Step 1: Run evaluation
python environments/your_env.py evaluate \
--env.eval_size 20 \
--env.use_wandb false \
--env.data_dir_to_save_evals /tmp/eval_results \
--openai.base_url "<BASE_URL>" \
--openai.model_name "<MODEL>" \
--openai.server_type <SERVER_TYPE> \
--openai.health_check false
Step 2: Read results
Stdout shows a lighteval-compatible table:
Evaluation Results: your-env_eval
|Metric | Value|
|mean correctness| 0.850 |
|mean reward | 0.920 |
|mean tool calls | 4.300 |
|n items | 20 |
Evaluation completed in 367 seconds
JSON results saved to the eval directory:
import json
data = json.load(open("/tmp/eval_results/metrics.json"))
for metric, value in data["results"]["all"].items():
print(f"{metric}: {value}")
Step 3: Compare models
Run evaluate with different models and compare the metrics.json files.
What to check:
- "data_dir_to_save_evals is not set" — you forgot the flag, results won't be saved
- Tool usage rate = 0 — evaluate() is using chat_completion instead of HermesAgentLoop
- All scores identical — judge failing, falling back to heuristic
- Very slow — each item runs a full agent loop (~30-90s). Use
--env.eval_size 5for quick checks.
Pattern 3: Generate Training Data (process mode, larger scale)
Generate trajectory data for offline training or analysis:
python environments/your_env.py process \
--env.total_steps 50 \
--env.group_size 4 \
--env.use_wandb false \
--env.data_path_to_save_groups data/trajectories.jsonl \
--openai.base_url "<BASE_URL>" \
--openai.model_name "<MODEL>" \
--openai.server_type <SERVER_TYPE> \
--openai.health_check false
Analyze the distribution:
import json
scores = []
for line in open("data/trajectories.jsonl"):
data = json.loads(line)
scores.extend(data.get("scores", []))
print(f"Total: {len(scores)}, Mean: {sum(scores)/len(scores):.3f}")
for bucket in [0.0, 0.2, 0.4, 0.6, 0.8, 1.0]:
count = sum(1 for s in scores if abs(s - bucket) < 0.1)

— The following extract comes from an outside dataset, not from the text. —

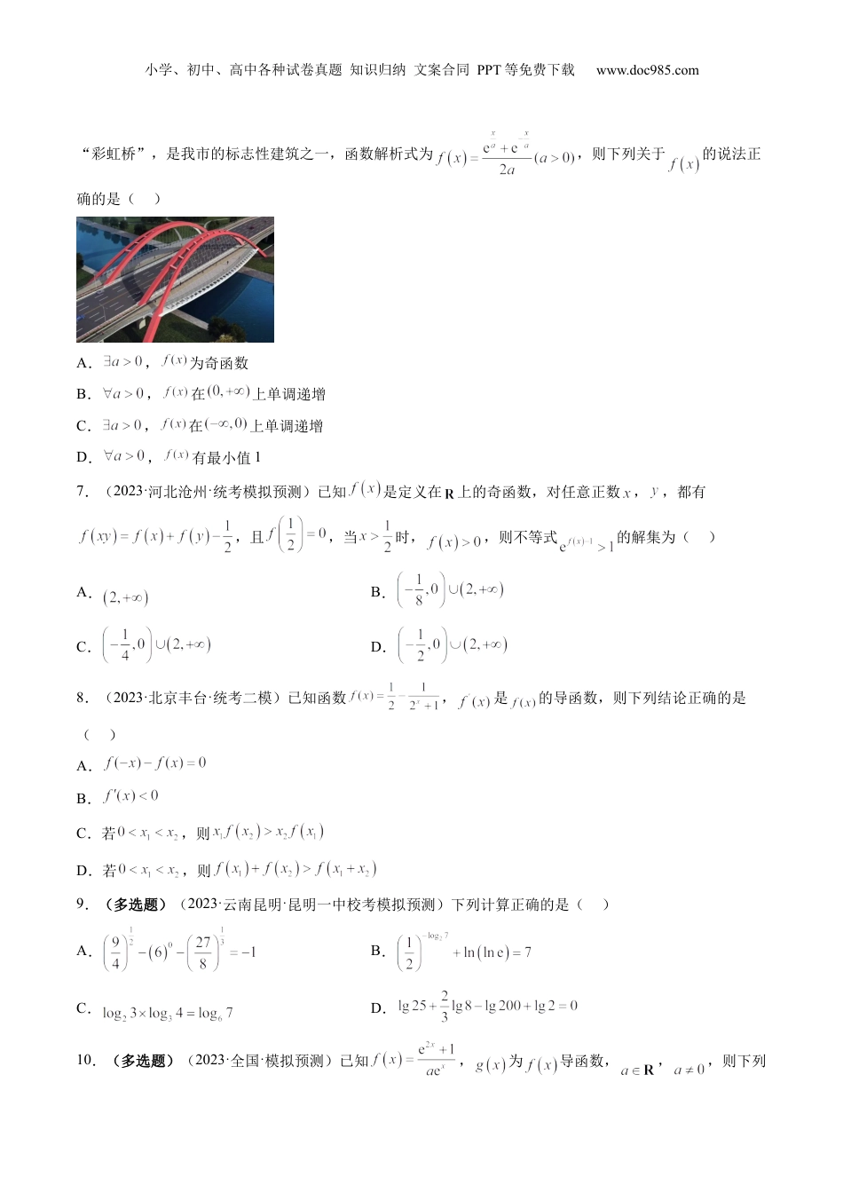 小学、初中、高中各种试卷真题知识归纳文案合同PPT等免费下载www.doc985.com第04讲指数与指数函数(模拟精练+真题演练)1.(2023·四川成都·成都七中校考模拟预测)要得到函数的图象,只需将指数函数的图象()A.向左平移1个单位B.向右平移1个单位C.向左平移个单位D.向右平移个单位2.(2023·山东·沂水县第一中学校联考模拟预测)某款电子产品的售价(万元/件)与上市时间(单位:月)满足函数关系(a,b为常数,且),若上市第2个月的售价为2.8万元,第4个月的售价为2.64万元,那么在上市第1个月时,该款电子产品的售价约为()(参考数据:)A.3.016万元B.2.894万元C.3.048万元D.2.948万元3.(2023·河北石家庄·统考三模)已知函数同时满足性质:①;②对于,,则函数可能是()A.B.C.D.4.(2023·浙江·校联考模拟预测)已知函数,则()A.为奇函数B.为偶函数C.为奇函数D.为偶函数5.(2023·贵州毕节·统考模拟预测)已知函数,则对任意非零实数x,有()A.B.C.D.6.(2023·江西新余·统考二模)钟灵大道是连接新余北站和新余城区的主干道,是新余对外交流的门户之一,而仰天岗大桥就是这一条主干道的起点,其桥拱曲线形似悬链线,桥型优美,被广大市民们美称为小学、初中、高中各种试卷真题知识归纳文案合同PPT等免费下载www.doc985.com“彩虹桥”,是我市的标志性建筑之一,函数解析式为,则下列关于的说法正确的是()A.,为奇函数B.,在上单调递增C.,在上单调递增D.,有最小值17.(2023·河北沧州·统考模拟预测)已知是定义在上的奇函数,对任意正数,,都有,且,当时,,则不等式的解集为()A.B.C.D.8.(2023·北京丰台·统考二模)已知函数,是的导函数,则下列结论正确的是()A.B.C.若,则D.若,则9.(多选题)(2023·云南昆明·昆明一中校考模拟预测)下列计算正确的是()A.B.C.D.10.(多选题)(2023·全国·模拟预测)已知,为导函数,,,则下列小学、初中、高中各种试卷真题知识归纳文案合同PPT等免费下载www.doc985.com说法正确的是()A.为偶函数B.当且时,恒成立C.的值域为D.与曲线无交点11.(多选题)(2023·安徽合肥·统考一模)已知,函数的图象可能是()A.B.C.D.12.(多选题)(2023·安徽合肥·统考一模)已知数列满足.若对,都有成立,则整数的值可能是()A.B.C.0D.113.(2023·全国·合肥一中校联考模拟预测)若,则当取得最小值时,_______.14.(2023·北京房山·统考二模)已知函数,给出两个性质:①在上是增函数;②对任意,.写出一个同时满足性质①和性质②的函数解析式,_______.15.(2023·上海杨浦·统考二模)由函数的观点,不等式的解集是______16.(2023·上海宝山·统考二模)已知函数(且),若关于的不等式的解集为,其中,则实数的取值范围是_________.17.(2023·广东肇庆·校考模拟预测)已知函数是奇函数.(1)求的值;(2)已知,求的取值范围.小学、初中、高中各种试卷真题知识归纳文案合同PPT等免费下载www.doc985.com18.(2023·陕西渭南·统考一模)计算下列各式的值.(1);(2).19.(2023·河南·校联考模拟预测)已知为定义在上的偶函数,,且.(1)求函数,的解析式;(2)求不等式的解集.20.(2023·河南平顶山·校联考模拟预测)已知函数且)为定义在R上的奇函数(1)利用单调性的定义证明:函数在R上单调递增;(2)若关于x的不等式恒成立,求实数m的取值范围;(3)若函数有且仅有两个零点,求实数k的取值范围.小学、初中、高中各种试卷真题知识归纳文案合同PPT等免费下载www.doc985.com21.(2023·云南昆明·安宁市第一中学校考模拟预测)已知函数.(1)若函数为奇函数,求实数m的值.(2)当时,求的值.22.(2023·天津南开·南开中学校考模拟预测)已知函数(为常数,且,).(1)当时,若对任意的,都有成立,求实数的取值范围;(2)当为偶函数时,若关于的方程有实数解,求实数的取值范围.1.(2020·全国·统考高考真题)若,则()A.B.C.D.2.(2013·全国·高考真题)若存在正数x使2x(x-a)<1成立,则a的取值范围是A.(-∞,+∞)B...

print(f" {bucket:.1f}: {'█' * count} ({count})")
What to check:
- Score distribution has variance — RL needs score variance. All-same scores are useless.
Pattern 4: Full RL Training (serve mode)
For actual RL training with Atropos:
# Terminal 1: Start Atropos API server
run-api
# Terminal 2: Start your environment
python environments/your_env.py serve \
--config environments/your_env/default.yaml
For Phase 2 with VLLM:
# Terminal 1: VLLM server
python -m vllm.entrypoints.openai.api_server --model your-model --port 8000
# Terminal 2: Atropos API
run-api
# Terminal 3: Environment
python environments/your_env.py serve \
--openai.base_url http://localhost:8000/v1 \
--openai.model_name your-model \
--openai.server_type vllm
Pattern 5: Quick Smoke Test
Verify imports and config before spending money on API calls:
from environments.your_env import YourEnv
print(f"Name: {YourEnv.name}")
cfg, servers = YourEnv.config_init()
print(f"Toolsets: {cfg.enabled_toolsets}")
print(f"Server: {servers[0].model_name}")
print("All imports OK")
Timing Expectations
| Mode | Items | Time per item | Total |
|---|---|---|---|
| process (1 item) | 1 | 30-90s | ~1 min |
| evaluate (5 items) | 5 | 30-90s | ~5 min |
| evaluate (20 items) | 20 | 30-90s | ~15-30 min |
| process (50 items) | 50 | 30-90s | ~30-75 min |
Times are for cloud APIs with Claude Sonnet-class models. Local models may be faster or slower depending on hardware.